The clinical interview included a psychiatric diagnostic assessment using the Structured Clinical Interview for DSM IV Axis I Disorders,12 current and past medication history, and demographics.
Data Analysis
Participants were divided into three AP metabolic risk groups: 1) high – clozapine and olanzapine; 2) moderate – quetiapine, risperidone, paliperidone, and iloperidone; 3) low – all other antipsychotics. This grouping is based on reports in the literature regarding the specific medications’ propensities for metabolic disturbances.13-15
Analyses on categorical variables were conducted using Fisher’s Exact Test and a oneway-ANOVA for continuous variables. Cohen’s d was used to calculate the effect size of sex. Analyses on the prevalence of metabolic syndrome included the entire sample. Participants prescribed a lipid medication were excluded from analyses on lipid variables. Participants receiving treatment for diabetes were excluded from analyses on plasma glucose. Given its weight controlling properties, analyses on BMI, waist circumference, and WHR excluded participants on an oral hypoglycemic (e.g., metformin).
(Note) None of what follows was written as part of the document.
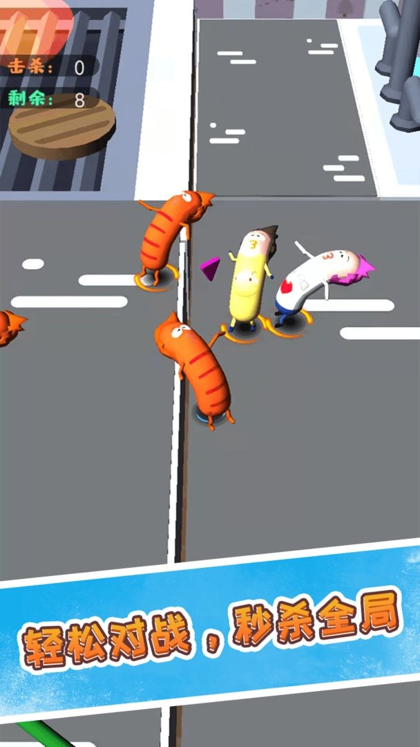 3.无论何时何地都能参与挑战,较量谁才是最厉害的香肠人,击败对手仅需一次点击即可。

Participants receiving treatment for hypertension were excluded from analyses on blood pressure. The exclusions are important methodologically, as these medications may attenuate the metabolically negative impact of the APs and therefore limit efforts to determine medication specific sex based differences. A p-value of <0.05 was considered significant.
Results
Overall, 287 participants were included, comprising 116 (40.4%) females with a mean age of 46.90 ± 11.34 (males: 44.16 ± 11.34 years, p > 0.05). Table 1 lists participant characteristics and rates of medication use. There were no differences in psychotropic exposure between males and females except in the high risk group in which females were on marginally more medications than their male counterparts. Overall antipsychotic exposure was calculated using chlorpromazine equivalents,16 which was not different between sexes.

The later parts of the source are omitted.